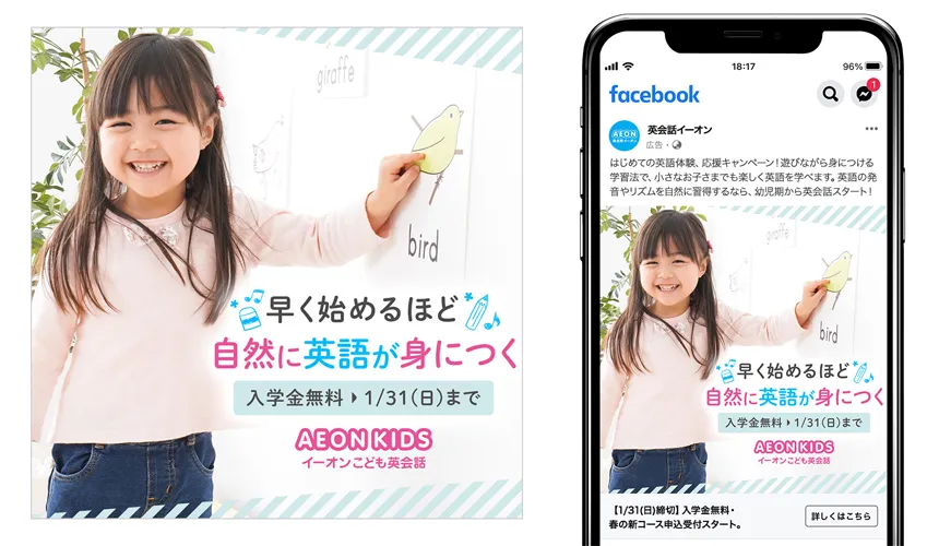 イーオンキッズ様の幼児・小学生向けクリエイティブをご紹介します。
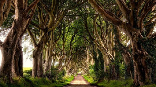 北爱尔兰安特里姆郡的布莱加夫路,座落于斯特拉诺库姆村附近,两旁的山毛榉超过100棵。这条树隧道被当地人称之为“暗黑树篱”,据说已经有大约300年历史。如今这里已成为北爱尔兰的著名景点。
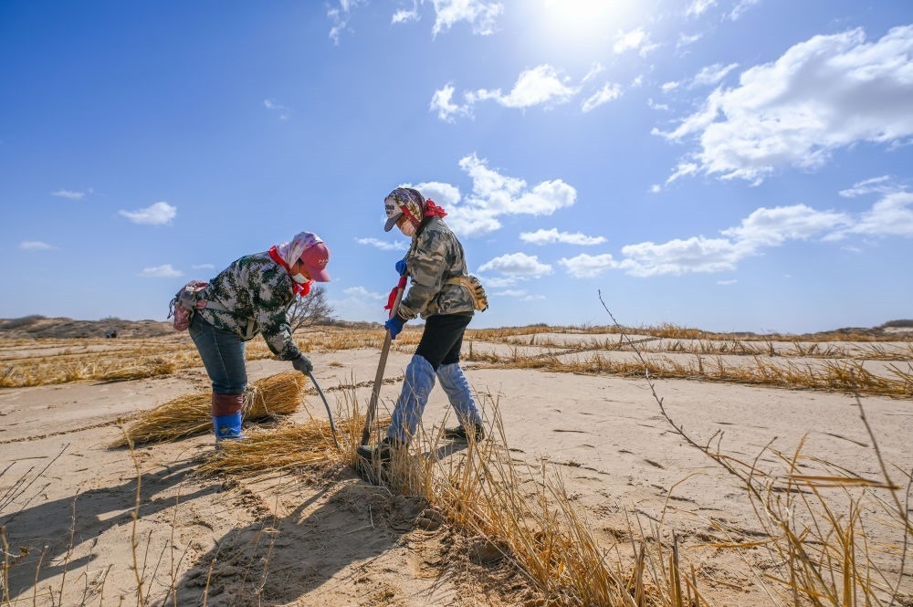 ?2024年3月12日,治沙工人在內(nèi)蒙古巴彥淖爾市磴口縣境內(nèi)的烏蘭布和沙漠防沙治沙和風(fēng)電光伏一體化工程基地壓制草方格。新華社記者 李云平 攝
--
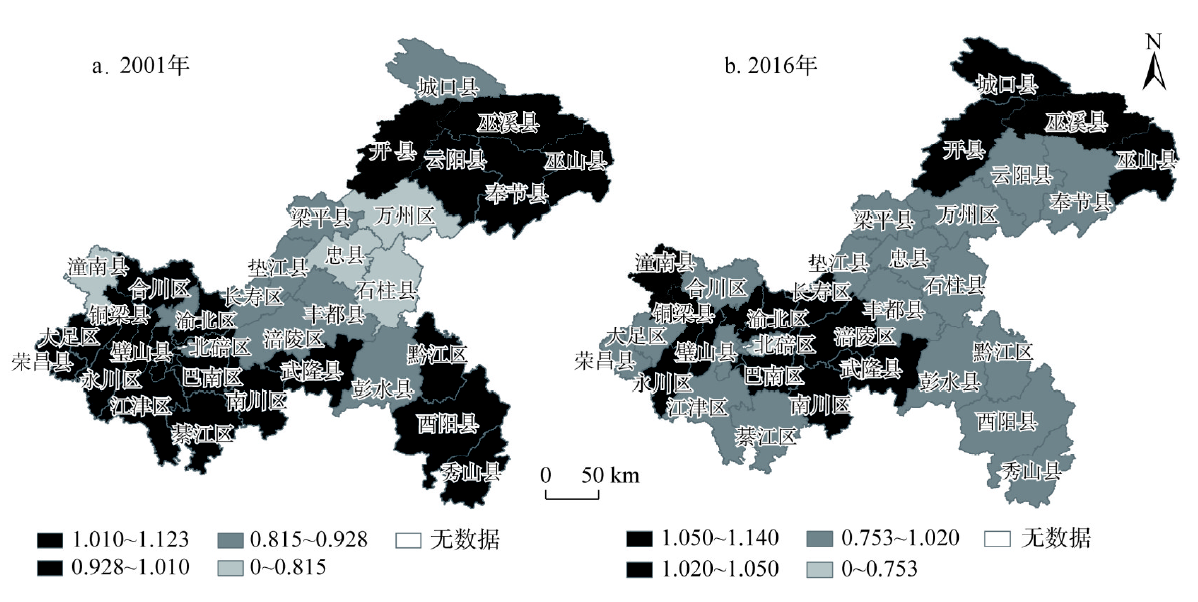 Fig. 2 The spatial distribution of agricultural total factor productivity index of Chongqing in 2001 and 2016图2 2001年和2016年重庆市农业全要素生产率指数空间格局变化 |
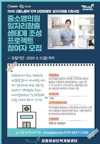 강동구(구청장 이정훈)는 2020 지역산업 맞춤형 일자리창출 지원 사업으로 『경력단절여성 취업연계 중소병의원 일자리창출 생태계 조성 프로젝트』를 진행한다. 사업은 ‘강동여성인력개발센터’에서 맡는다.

ABOUT THIS TASK> Would you set down only the lines above from the line with "Fig. 2 The spatial" to the line with "강동구(구청장 이정훈)는 2020", both included, exactly as they stand and without the pictures?

WRITTEN SOLUTION>
 Fig. 2 The spatial distribution of agricultural total factor productivity index of Chongqing in 2001 and 2016图2 2001年和2016年重庆市农业全要素生产率指数空间格局变化 |
 강동구(구청장 이정훈)는 2020 지역산업 맞춤형 일자리창출 지원 사업으로 『경력단절여성 취업연계 중소병의원 일자리창출 생태계 조성 프로젝트』를 진행한다. 사업은 ‘강동여성인력개발센터’에서 맡는다.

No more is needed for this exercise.